**The problem:** Take the line with "臺灣HELE晶振,X3S020000BK1H-U,6G光纖通道晶振尺寸圖" and every line after it, through the end of the listing, and give them again exactly, pictures excluded.

(Supplied entries begins)

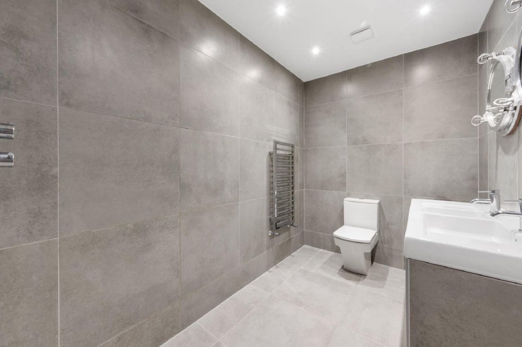 To the first floor, the property continues to impress with four beautifully proportioned bedrooms. The principal suite is a serene retreat, enjoying dual-aspect views and a luxurious dressing room which could easily be reinstated as a fifth bedroom if desired. A further bedroom, currently used as a bespoke dressing room, opens onto a private rooftop garden terrace—an enviable suntrap ideal for relaxation. Additional bedrooms are equally generous, including one with a Juliette balcony overlooking the front elevation.
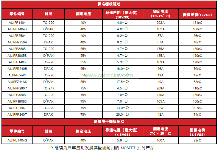 International Rectifier 的符合汽車標(biāo)準(zhǔn)的最新 MOSFET 系列具有低通態(tài)電阻和高電流處理能力,可滿足傳統(tǒng)內(nèi)燃機(jī)(ICE) 平臺以及微型和混合動力汽車平臺方面的重負(fù)載應(yīng)用。
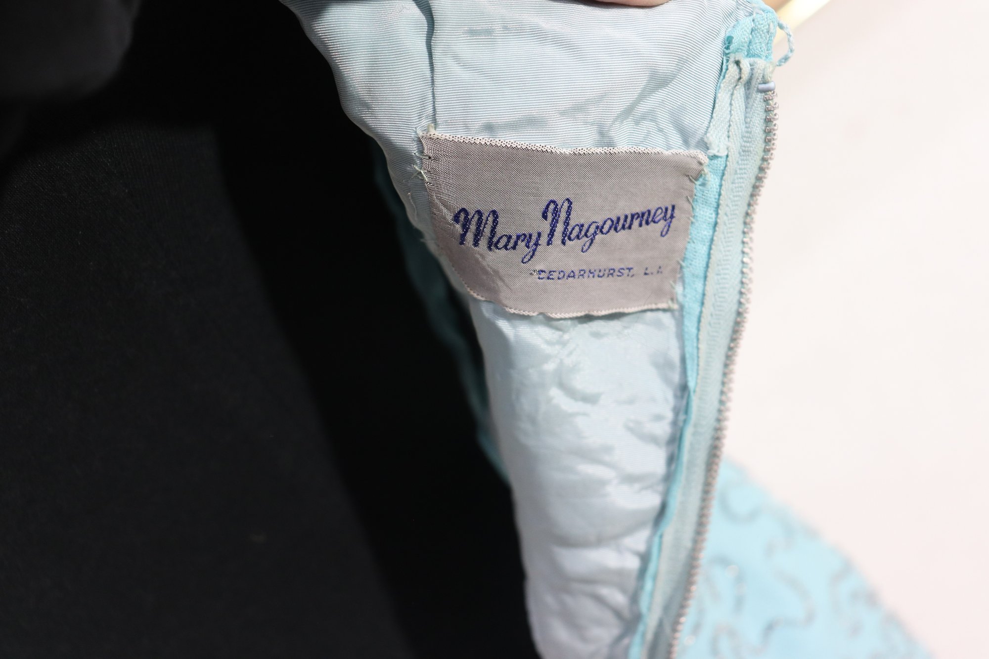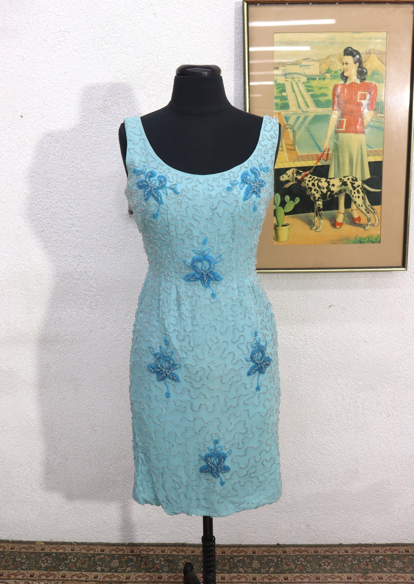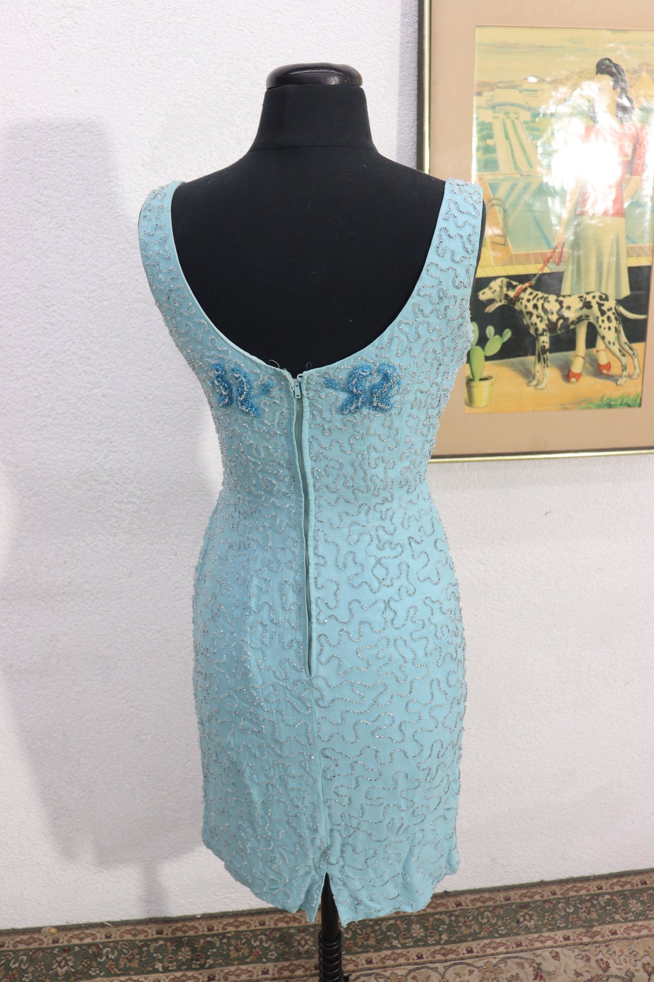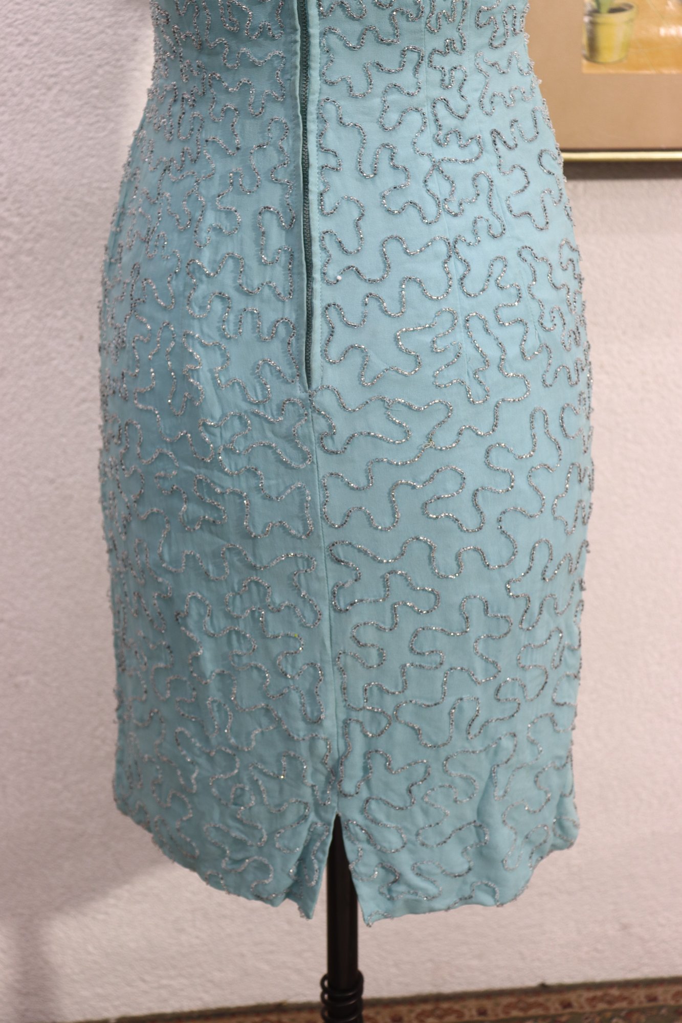 Finished with a back zipper closure and fully lined interior for structure and comfort. A beautiful choice for cocktail events, vintage-inspired occasions, or collectors of mid-century fashion.
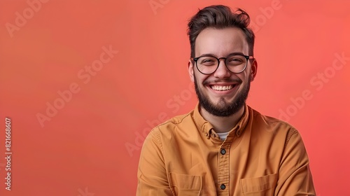 © Thipphaphone, Fototapeta premium Confident Young Tech Professional Smiling in Minimalist Workspace
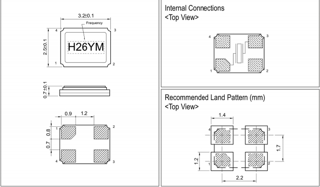 臺灣HELE晶振,X3S020000BK1H-U,6G光纖通道晶振尺寸圖
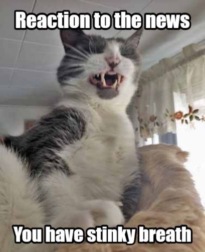 Now don’t go think’in that Hitch DOES have stinky breath. But, you all know what it feels like to have your humans go into their “stinky face” expressions whenever you accidentally let out a little ole burp, right? So what’s the big deal. A little fresh chicken or fishie smell to enhance the living room.
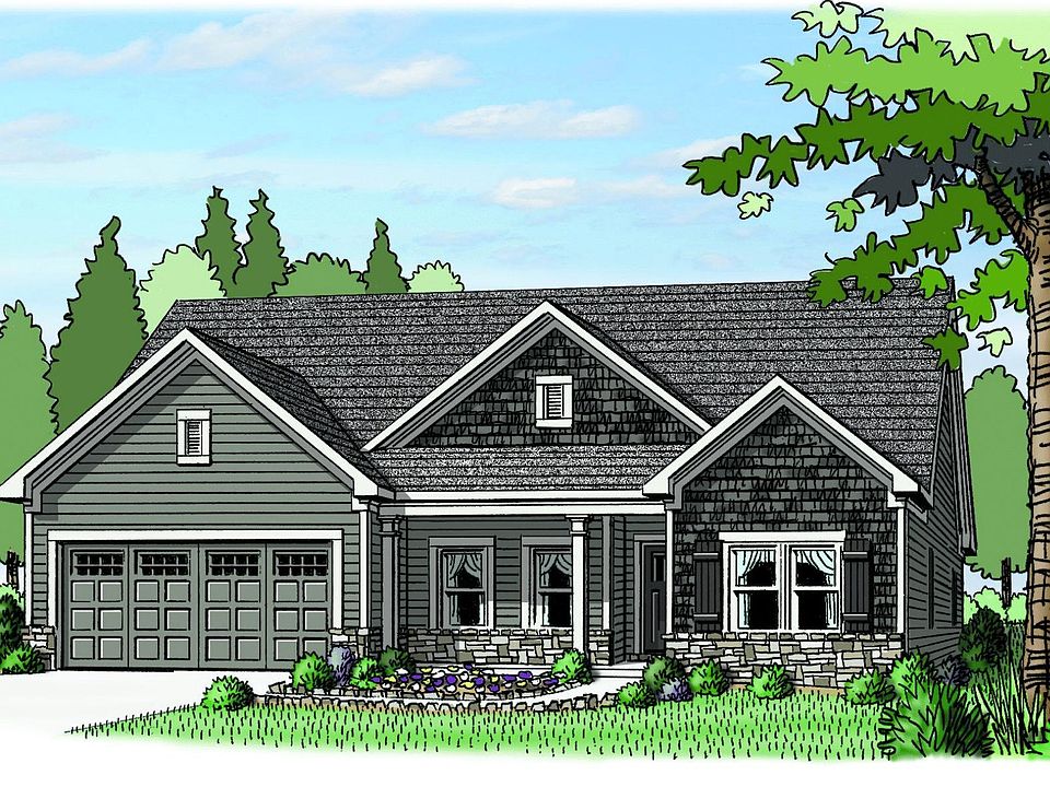 Lot 76 - The Everett - Exceptional ranch home with a 4-bedroom design that features a guest room with full bath plus 2 additional bedrooms and bath. The Owner's retreat is privately situated in the rear of the home with a double vanity, separate tub and shower and walk-in closet. The generous family room opens to the kitchen and dining room with lots of windows, open serving bar, and pantry. Discover the many amenities this beautiful community offers, including a clubhouse, swimming pool, playground and pickleball courts. Under Construction. Estimated completion December 2025. Up to $25,000 buyer incentive when using our preferred lender

(Supplied entries ends)

**Exercise solution:**
 臺灣HELE晶振,X3S020000BK1H-U,6G光纖通道晶振尺寸圖
 Now don’t go think’in that Hitch DOES have stinky breath. But, you all know what it feels like to have your humans go into their “stinky face” expressions whenever you accidentally let out a little ole burp, right? So what’s the big deal. A little fresh chicken or fishie smell to enhance the living room.
 Lot 76 - The Everett - Exceptional ranch home with a 4-bedroom design that features a guest room with full bath plus 2 additional bedrooms and bath. The Owner's retreat is privately situated in the rear of the home with a double vanity, separate tub and shower and walk-in closet. The generous family room opens to the kitchen and dining room with lots of windows, open serving bar, and pantry. Discover the many amenities this beautiful community offers, including a clubhouse, swimming pool, playground and pickleball courts. Under Construction. Estimated completion December 2025. Up to $25,000 buyer incentive when using our preferred lender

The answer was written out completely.